A journalist who has covered both Vietnam and the Iraq war spoke this week at a symposium on Martin Luther King Junior at Grinnell University. Robert Hodierne, a Grinell College graduate, says there are some similarities that immediately stick out about Vietnam and Iraq.

Hodierne says we got into both wars based on a misunderstanding or misrepresentation of what the threats were, and in neither case had a clear understanding of what the enemy was and what the issues were, which made it hard to formulate a plan to proceed to victory.

Hodierne says the Vietnam war provided unprecedented access for journalists to the action. He says the Iraq war began that way with embedded journalists. Hodierne says as the Iraq war has worn on, the rules haven’t changed, but logistically it is very difficult to get out with the units in the field. The Vienam war was the first where photographs and film from journalist like Hodierne were brought directly into the living rooms of Americans.

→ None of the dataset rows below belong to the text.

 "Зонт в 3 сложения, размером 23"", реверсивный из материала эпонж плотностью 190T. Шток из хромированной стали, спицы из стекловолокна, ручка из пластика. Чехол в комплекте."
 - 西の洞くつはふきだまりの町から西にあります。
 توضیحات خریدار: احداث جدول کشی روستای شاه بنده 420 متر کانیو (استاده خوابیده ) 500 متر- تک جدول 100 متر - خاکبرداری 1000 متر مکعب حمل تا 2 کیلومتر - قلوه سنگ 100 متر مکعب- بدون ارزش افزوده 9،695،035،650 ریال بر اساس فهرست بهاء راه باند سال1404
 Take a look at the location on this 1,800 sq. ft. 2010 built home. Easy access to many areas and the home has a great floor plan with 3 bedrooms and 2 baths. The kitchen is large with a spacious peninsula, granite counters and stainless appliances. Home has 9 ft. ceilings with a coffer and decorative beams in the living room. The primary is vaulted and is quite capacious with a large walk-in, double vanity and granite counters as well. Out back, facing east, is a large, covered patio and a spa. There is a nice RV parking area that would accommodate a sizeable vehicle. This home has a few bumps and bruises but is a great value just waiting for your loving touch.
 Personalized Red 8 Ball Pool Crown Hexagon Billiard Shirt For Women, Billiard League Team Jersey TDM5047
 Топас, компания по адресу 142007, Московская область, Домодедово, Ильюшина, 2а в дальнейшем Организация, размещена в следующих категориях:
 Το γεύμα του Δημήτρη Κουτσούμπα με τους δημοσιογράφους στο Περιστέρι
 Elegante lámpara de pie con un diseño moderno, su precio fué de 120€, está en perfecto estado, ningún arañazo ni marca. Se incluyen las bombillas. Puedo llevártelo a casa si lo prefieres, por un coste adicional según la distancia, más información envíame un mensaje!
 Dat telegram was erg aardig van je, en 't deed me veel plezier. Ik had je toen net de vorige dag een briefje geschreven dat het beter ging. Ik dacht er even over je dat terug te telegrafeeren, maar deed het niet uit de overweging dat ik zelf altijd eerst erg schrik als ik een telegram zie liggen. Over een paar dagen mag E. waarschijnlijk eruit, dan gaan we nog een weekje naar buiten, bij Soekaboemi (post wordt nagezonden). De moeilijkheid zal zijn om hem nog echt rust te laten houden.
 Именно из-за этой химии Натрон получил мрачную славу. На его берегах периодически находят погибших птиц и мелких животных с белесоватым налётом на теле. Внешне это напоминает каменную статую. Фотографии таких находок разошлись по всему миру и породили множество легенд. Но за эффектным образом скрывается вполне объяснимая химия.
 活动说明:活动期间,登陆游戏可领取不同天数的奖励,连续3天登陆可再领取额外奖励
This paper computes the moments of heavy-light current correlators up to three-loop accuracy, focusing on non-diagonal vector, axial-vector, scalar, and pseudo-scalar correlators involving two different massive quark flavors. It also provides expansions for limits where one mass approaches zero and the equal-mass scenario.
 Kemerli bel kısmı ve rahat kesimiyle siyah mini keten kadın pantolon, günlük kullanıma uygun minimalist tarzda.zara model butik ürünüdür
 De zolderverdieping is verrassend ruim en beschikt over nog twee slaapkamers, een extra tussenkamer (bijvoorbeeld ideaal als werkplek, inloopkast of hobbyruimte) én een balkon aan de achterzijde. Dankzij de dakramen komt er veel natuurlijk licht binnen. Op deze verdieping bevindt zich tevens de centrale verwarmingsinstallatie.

Hodierne says technology has made it easier, and faster, to get photos back from Iraq — but we don’t see many images of the fighting. He says you see "surprisingly few" bloody pictures from the war, and he says that’s because the logistics have made it dangerous for reporters to get out into the field. And Hodierne says the fighting in the war in different.

Hodierne says the fighting in Vietnam included battles that lasted for days and a photographer could get out to the battle and back. He says the Iraq battles are mostly individual bombs that explode, and unless you’re right there at the time, you don’t get many combat pictures. Hodierne has been a journalist for 35 years and has worked as a writer, editor and photographer for a number of newspapers, wire services, magazines, radio and television stations, and Internet publications.